Выпавший снег очистил землю, и рождественская ночь стала светлой. Пастор подумал о целомудрии, много лет назад вернувшемся на землю на Рождество. Целомудрии, которое проложило новую тропинку в жалких земных душах. Всё обрело смысл. Железная решетка на окнах. Железные нары с тоненьким матрасом, стоявшие у кирпичной стены. Неровная, с буграми, поверхность потолка подвала, иногда казавшаяся пастору облаками, и тяжелая дверь с окошком, к которому пастору приходилось приникать, чтобы выглянуть наружу.
Все наполнилось значением, и всё говорило с ним ясным, чистым голосом. Пастор закрыл глаза, сложил руки и снова стал молиться. На этот раз медленно и уверенным голосом.
Щелкнул замок, и в камеру вошёл охранник, худой тип со впалыми щеками. Его звали Рикард, и, несмотря на их с пастором разницу в положении и сословии, они хорошо ладили. Иногда Рикард, приковав к нарам руку пастора, садился рядом с ним, и они разговаривали. Раньше, до того, как всё стало плохо, охранник был спортсменом. Он часто обращался к одному эпизоду из своей жизни. Теребил кольцо, которое носил на цепочке на шее и спрашивал пастора, существует ли прощение за такое. В эти моменты губы пастора растягивались в улыбке и взгляд смягчался.
– Конечно же, прощение есть, – отвечал он, подняв подбородок. – Для того, кто верует, есть прощение за все.
Но интересовали пастора не разговоры охранника, а его молчание. Рикард мог часами слушать рассказы священника. О стаях саранчи, которые Бог наслал на египетский народ. О всемирном потопе, который очистил землю от неправедной жизни и безбожия. О пришедших в Америку испанцах и болезни, которую они принесли с собой. Об оспе, за несколько лет уничтожившей могущественную империю ацтеков и опустошившей практически весь континент, освобождая путь христианству.

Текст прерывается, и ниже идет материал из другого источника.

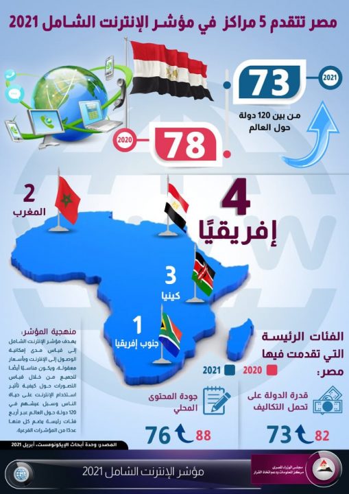 وقال المركز إن مصر ما زالت مستمرة فى طريقها نحو التطور التكنولوجى وتنفيذ خطط التحول الرقمي؛ حيث تقدم ترتيبها فى المؤشر 5 مراكز؛ لتصبح فى المركز الـ73 فى 2021 من بين 120 دولة عالميًّا، مقارنةً بالمركز الـ78 فى 2020، كما احتلت المركز الرابع إفريقيًّا بعد كلٍّ من جنوب إفريقيا والمغرب وكينيا على التوالي، ويرجع الفضل فى ذلك إلى تقدمها الملحوظ فى فئة جودة المحتوى المحلى المناسب لكل أطياف المجتمع، الذى قفزت فيه 12 مركزًا.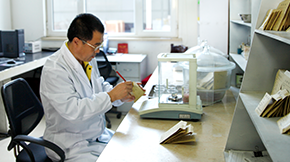 設計院配備了完善的選礦試驗設備和巖礦鑒定設備,下設六間研究室,可進行浸出上百種礦物試驗研究,分別為巖礦鑒定室、化驗室、選冶研究室、生物氧化室、重選實驗室、磁選實驗室。目前,巖礦鑒定室可進行光(?。┢溺R下鑒定工作,查明礦石的物質組成,礦物形態及嵌布特征;化驗室擁有示波極譜儀、可見光分光光度計、碳硫分析等儀器,可進行多元素、物相等分析檢測工作,檢測水平處于國內領先水平。各研究室均由專家帶隊,正是這些技術員們一遍遍的試驗研究,為金鵬的科技水平提高,做出了極大的貢獻。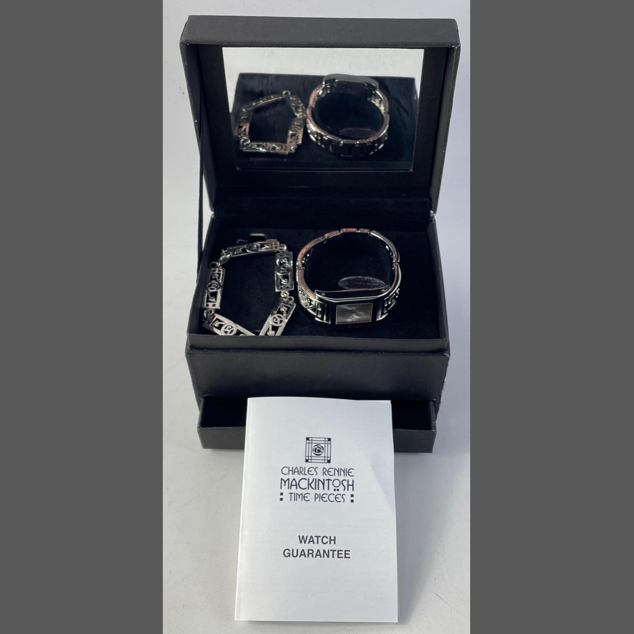 (VNS)A CHARLES RENNIE MACKINTOSH inspired boxed white metal wrist watch with bracelet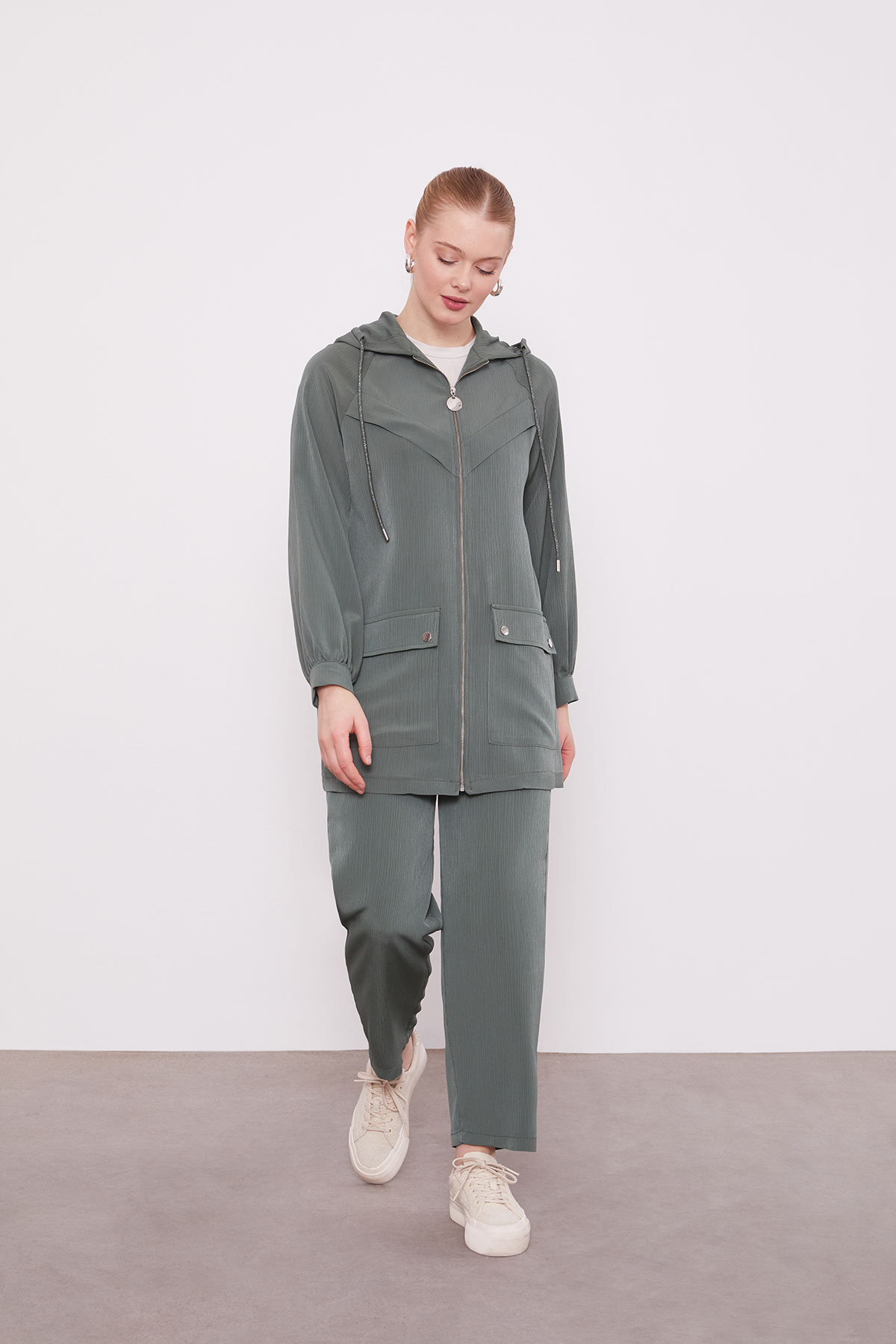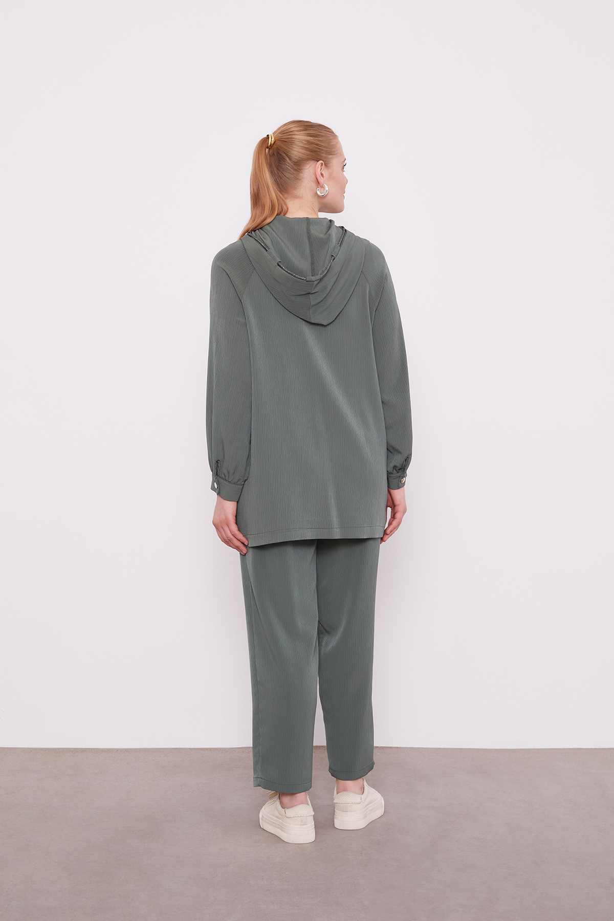 Ein komfortables Kapuzen-Set ist die perfekte Wahl für alle, die sowohl Bequemlichkeit als auch modischen Stil suchen. Dieses Set besteht typischerweise aus einer bequemen Kapuzenjacke und einer passenden Hose, die zusammen ein entspanntes, aber dennoch trendiges Outfit bilden. Die Jacke hat eine Kapuze, die zusätzlichen Komfort und Schutz bei wechselhaftem Wetter bietet, während der lockere Schnitt für maximale Bewegungsfreiheit sorgt. Meistens aus weichen Materialien wie Baumwolle, Jersey oder Fleece gefertigt, fühlt sich ein solches Set angenehm auf der Haut an und eignet sich perfekt für den Alltag, Sport oder entspannte Freizeitaktivitäten. Ein komfortables Kapuzen-Set ist nicht nur praktisch, sondern auch vielseitig. Es lässt sich hervorragend mit Sneakers oder lässigen Schuhen kombinieren und kann sowohl zu Hause getragen werden, als auch für einen schnellen Stadtbummel oder Sporteinheit. Das Set ist in verschiedenen Farben und Designs erhältlich – von schlichten Einfarbigen über sportliche Logos bis hin zu gemusterten Varianten. Der elastische Bund und die Kordeln an der Kapuze und der Hose sorgen für zusätzlichen Komfort und eine individuelle Passform. Für kältere Tage kann das Set mit einer Jacke oder einem Mantel ergänzt werden, während es in wärmeren Monaten auch alleine getragen werden kann. Der sportliche Look des Kapuzen-Sets lässt sich leicht mit minimalistischen Accessoires wie einer lässigen Tasche oder einer Mütze abrunden. Zusammengefasst ist ein komfortables Kapuzen-Set der Inbegriff von Bequemlichkeit und Stil, das sich mühelos in verschiedene Alltagsoutfits integrieren lässt und für eine Vielzahl von Freizeitaktivitäten geeignet ist. Es bietet eine perfekte Balance zwischen Entspannung und Trendbewusstsein und ist somit ein Must-have für jede moderne Garderobe.

– Ничто не укрепляет веру сильнее, чем страдания и кровь. Поэтому меня и держат здесь, – говорил пастор.
– Библия, стеариновая свечка, две спички, блюдце, стакан, кофейная чашка, нож для масла… – Охранник поднял голову. – А крест?
– Крест? – переспросил пастор. – Для сегодняшней молитвы мне крест не выдавали.
Рикард посмотрел на листок бумаги, который держал в руке. Затем снова перевёл взгляд на лежавшие на полу предметы и нахмурил брови.
– Я надеялся, мы с этим покончили.
Проверив кровать, под матрасом и в одеяле, посветив фонарем на подоконники, за батареей и туалетным бачком, он повернулся к пастору.
– Извини. Ты знаешь, что нужно делать.
– Мне правда сегодня не давали крест.
Охранник наклонил голову вбок и стал ждать.
Пастор медленно стянул с себя широкую рубашку. Демонстративно потряс ею и отбросил на пол. Затем скинул брюки. Глаза пастора и охранника встретились, и тот грустно вздохнул и перевёл взгляд на пах пастора. Пальцы священника скользнули под резинку трусов. Раздевшись догола, он приподнял вялый пенис, а затем и яички.
– Повернись спиной и сядь на корточки.
– Я человек Бога. Неужели ты думаешь, что я засунул себе в задний проход символ веры в божественную силу?
Нетерпеливо дыша, Рикард быстрым движением провернул указательный палец вокруг своей оси. Поднявшись из своего унизительного положения, пастор повернулся и потянулся к потолку, достав до него кончиками пальцев. Выпрямив сжатые пальцы ног, он почувствовал, что предмет, который он в них сжимал, выпал. Священник отступил на несколько сантиметров назад.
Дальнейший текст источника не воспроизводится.